Deep Submodular Networks for Extractive Data Summarization
This work addresses the need for better summarization models in domains like image collections by integrating deep learning with submodular optimization, offering a novel approach that is not incremental but provides specific gains.
The paper tackles the problem of extractive data summarization by proposing Deep Submodular Networks (DSN), an end-to-end learning framework that combines deep models with submodular functions to improve diversity and coverage, resulting in significant improvements over state-of-the-art methods, such as outperforming a mixture model with 594 hand-crafted components using only four submodular functions.

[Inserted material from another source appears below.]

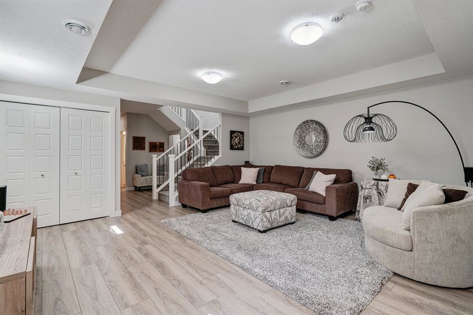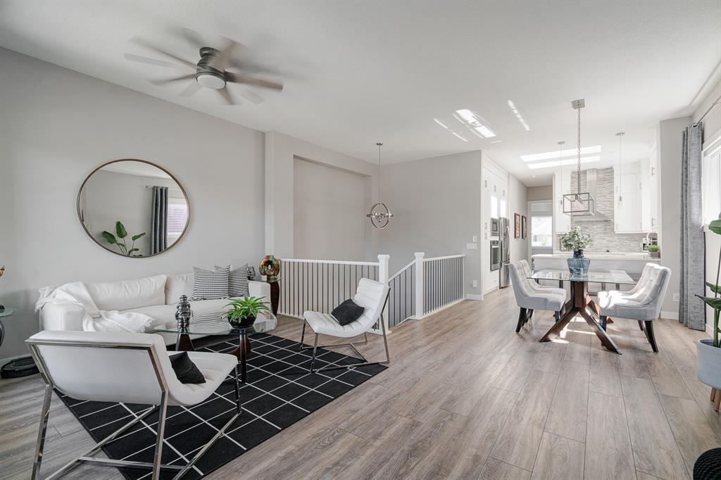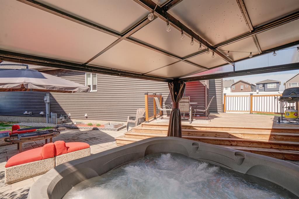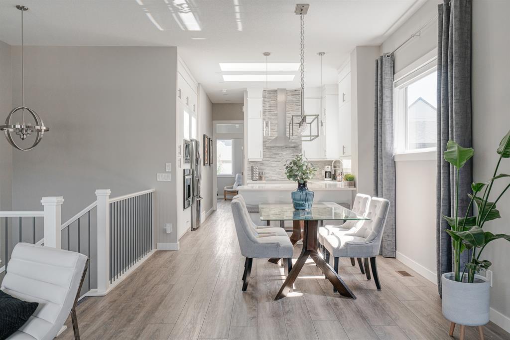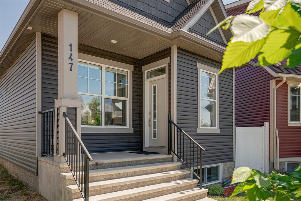 Welcome to 147 Seton Heath, located in the heart of Seton and featuring 3 bedrooms, 2.5 bathrooms, and nearly 2,200 square feet of developed living space in this beautifully appointed bungalow with a triple detached garage on a pie lot! The main level features an open concept layout, 10-foot ceilings with skylights, and southeast facing windows that allow plenty of natural light into the home throughout the day. Luxury vinyl plank flooring flows throughout the main level and leads into the living area, situated around an electric fireplace, and the spacious dining area. The kitchen features stainless steel appliances, full-height cabinetry, quartz countertops, and a breakfast bar for additional seating. The kitchen overlooks the dining and living areas – making this the perfect space to entertain friends and family. The main level is completed by a 2-piece bathroom and the primary bedroom that overlooks the backyard and features a stunning 5-piece ensuite bathroom and a large walk-in closet. The fully developed lower level offers an additional two bedrooms, a spacious rec room, a 4-piece bathroom, and a wet bar. Situated on a pie lot, this home offers a large backyard featuring a deck, landscaped patio, and a hot tub with its own gazebo. Additional features of this home include a water softener and water filtration system for everyday comfort as well as a triple detached garage and single parking pad, offering ample storage and parking space. Located in the highly sought-after community of Seton, this home offers easy access to nearby amenities and quick access to Deerfoot for daily commuting.

Deep Models are increasingly becoming prevalent in summarization problems (e.g. document, video and images) due to their ability to learn complex feature interactions and representations. However, they do not model characteristics such as diversity, representation, and coverage, which are also very important for summarization tasks. On the other hand, submodular functions naturally model these characteristics because of their diminishing returns property. Most approaches for modelling and learning submodular functions rely on very simple models, such as weighted mixtures of submodular functions. Unfortunately, these models only learn the relative importance of the different submodular functions (such as diversity, representation or importance), but cannot learn more complex feature representations, which are often required for state-of-the-art performance. We propose Deep Submodular Networks (DSN), an end-to-end learning framework that facilitates the learning of more complex features and richer functions, crafted for better modelling of all aspects of summarization. The DSN framework can be used to learn features appropriate for summarization from scratch. We demonstrate the utility of DSNs on both generic and query focused image-collection summarization, and show significant improvement over the state-of-the-art. In particular, we show that DSNs outperform simple mixture models using off the shelf features. Secondly, we also show that just using four submodular functions in a DSN with end-to-end learning performs comparably to the state-of-the-art mixture model with a hand-crafted set of 594 components and outperforms other methods for image collection summarization.